• What to produce:
Would you return exactly the lines below from the line with "This men's long-sleeve" through the line with "Double headed Bulleid", both included, and nothing else, leaving out the pictures?

----- Dataset extract

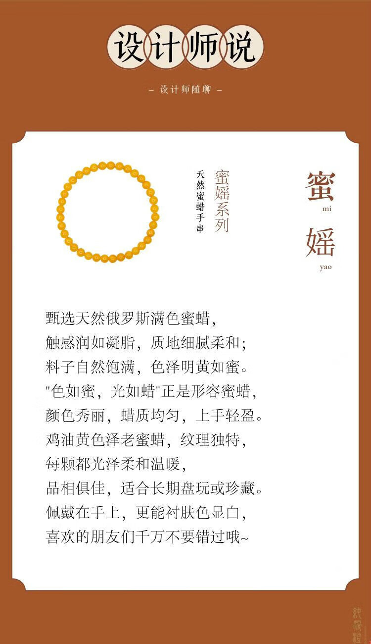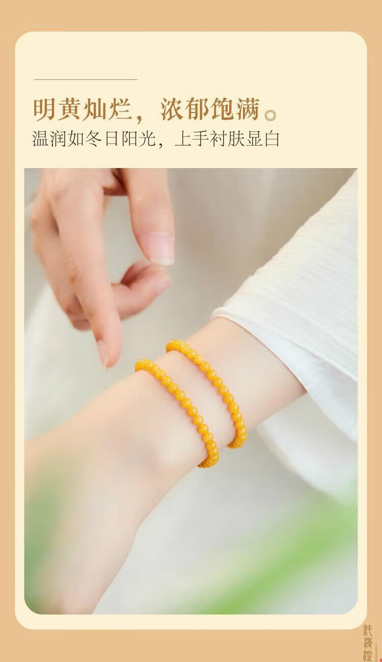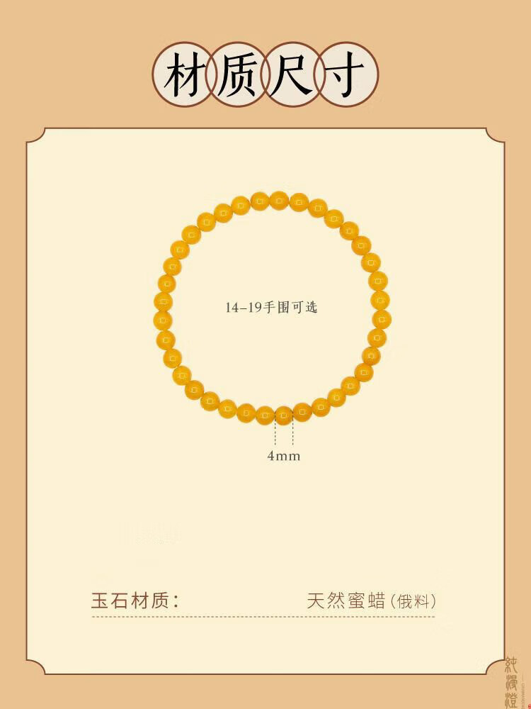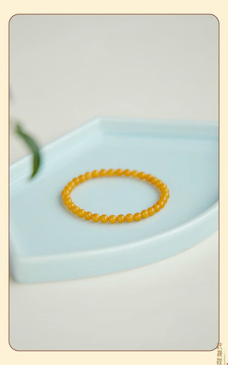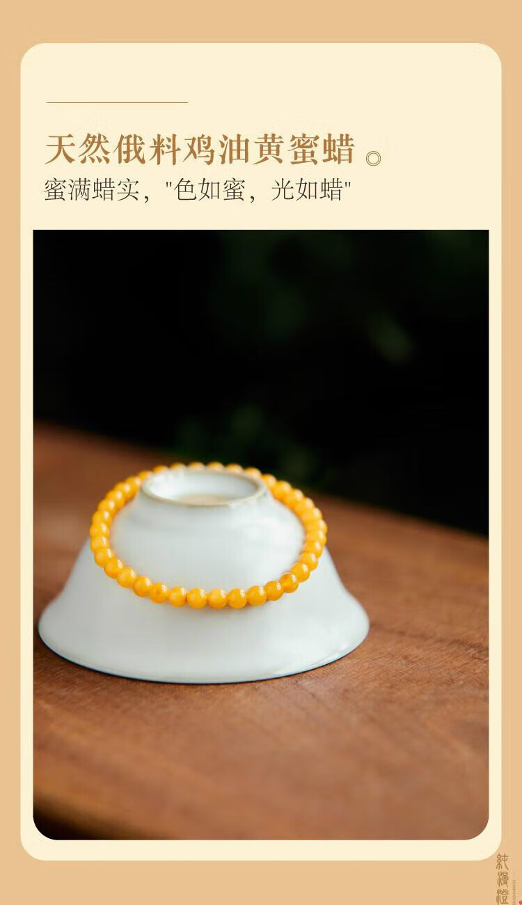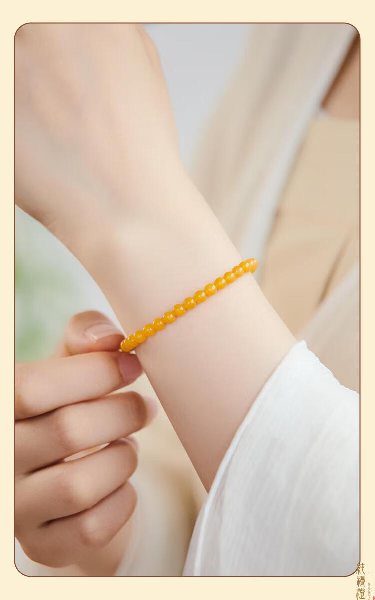 Pure beeswax bracelet for women, natural chicken fat yellow amber raw stone gem plate, light luxury niche exquisite bracelet honey 4mm collection grade chicken fat yellow beeswax 14-15cm
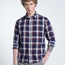 This men's long-sleeve shirt showcases a pointed collar and a striking navy blue base accented with bold white checks. Designed for a refined yet contemporary appearance, it offers a polished look suitable for both office wear and smart casual occasions. The contrasting pattern adds visual interest while maintaining a classic silhouette.
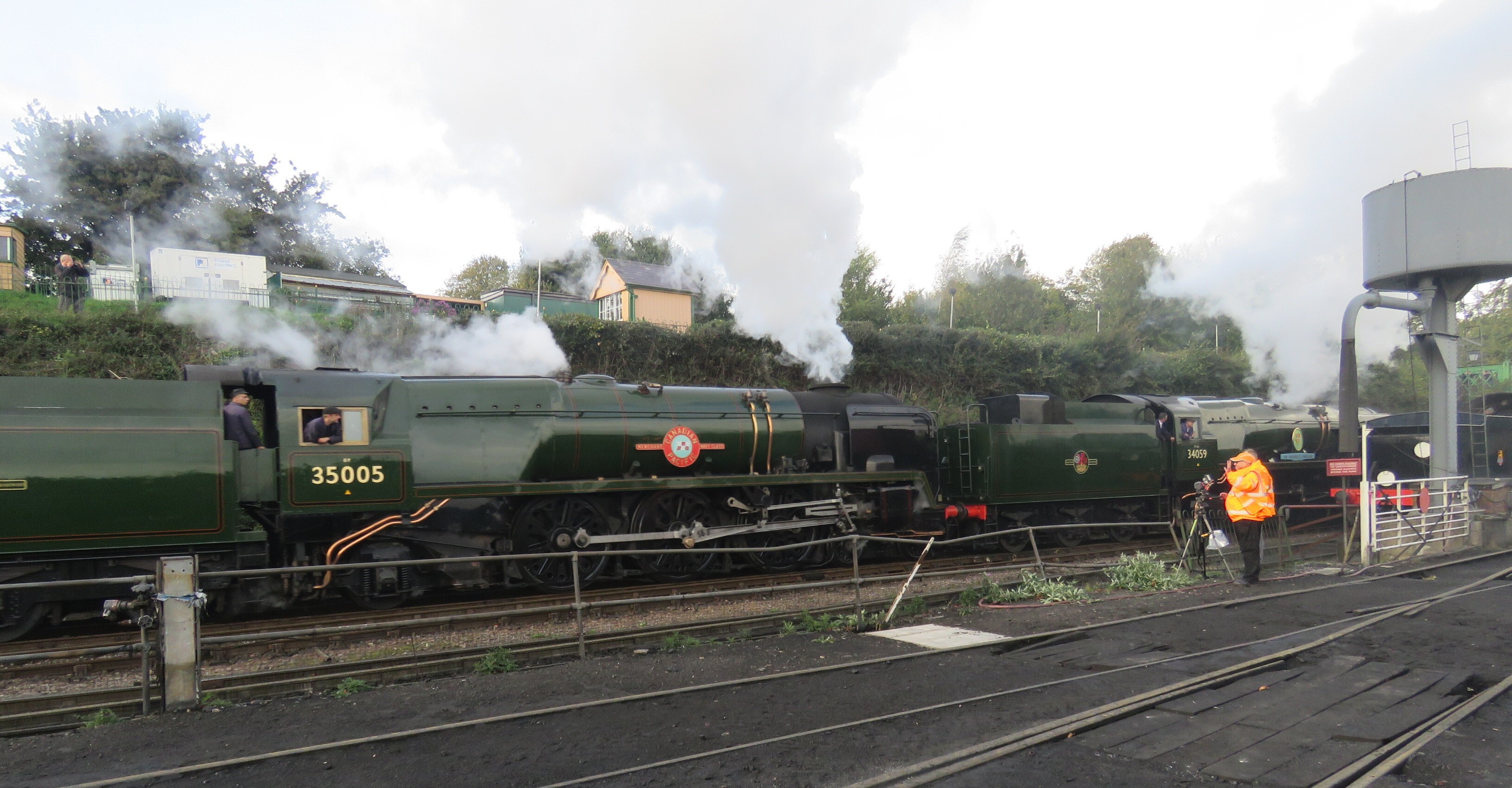 Double headed Bulleid PacificsBulleid Battle of Britain class Pacific 35059 Sir Archibald Sinclair and Bulleid Merchant Navy class Pacific 35005 Canadian Pacific head out of Ropley station.
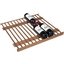 Полки в винных шкафах позволяют размещать бутылки для хранения в горизонтальном положении. Это необходимо, чтобы пробка постоянно смачивалась жидкостью и не пересыхала. Плотно закрытая пробка гарантирует, что внутрь бутылки не проникнет наружный воздух. Кислород, содержащийся в воздухе, может стать причиной ухудшения вкуса вина и даже его скисания. Кроме того, горизонтальное положение позволяет лучше оценить количество осадка. Материал изготовления полок выбирается, исходя из требований, предъявляемых к содержанию коллекции вин. Одним из основных требования является отсутствие или максимальное сокращение вибрации и хорошая фиксация бутылок на месте хранения. Даже если полка выдвигается, бутылки должны оставаться на своем месте. Второе требование исключает применение стеклянных полок, как в обычном холодильнике: на них почти невозможно зафиксировать бутылки.

----------

• Task response:
 This men's long-sleeve shirt showcases a pointed collar and a striking navy blue base accented with bold white checks. Designed for a refined yet contemporary appearance, it offers a polished look suitable for both office wear and smart casual occasions. The contrasting pattern adds visual interest while maintaining a classic silhouette.
 Double headed Bulleid PacificsBulleid Battle of Britain class Pacific 35059 Sir Archibald Sinclair and Bulleid Merchant Navy class Pacific 35005 Canadian Pacific head out of Ropley station.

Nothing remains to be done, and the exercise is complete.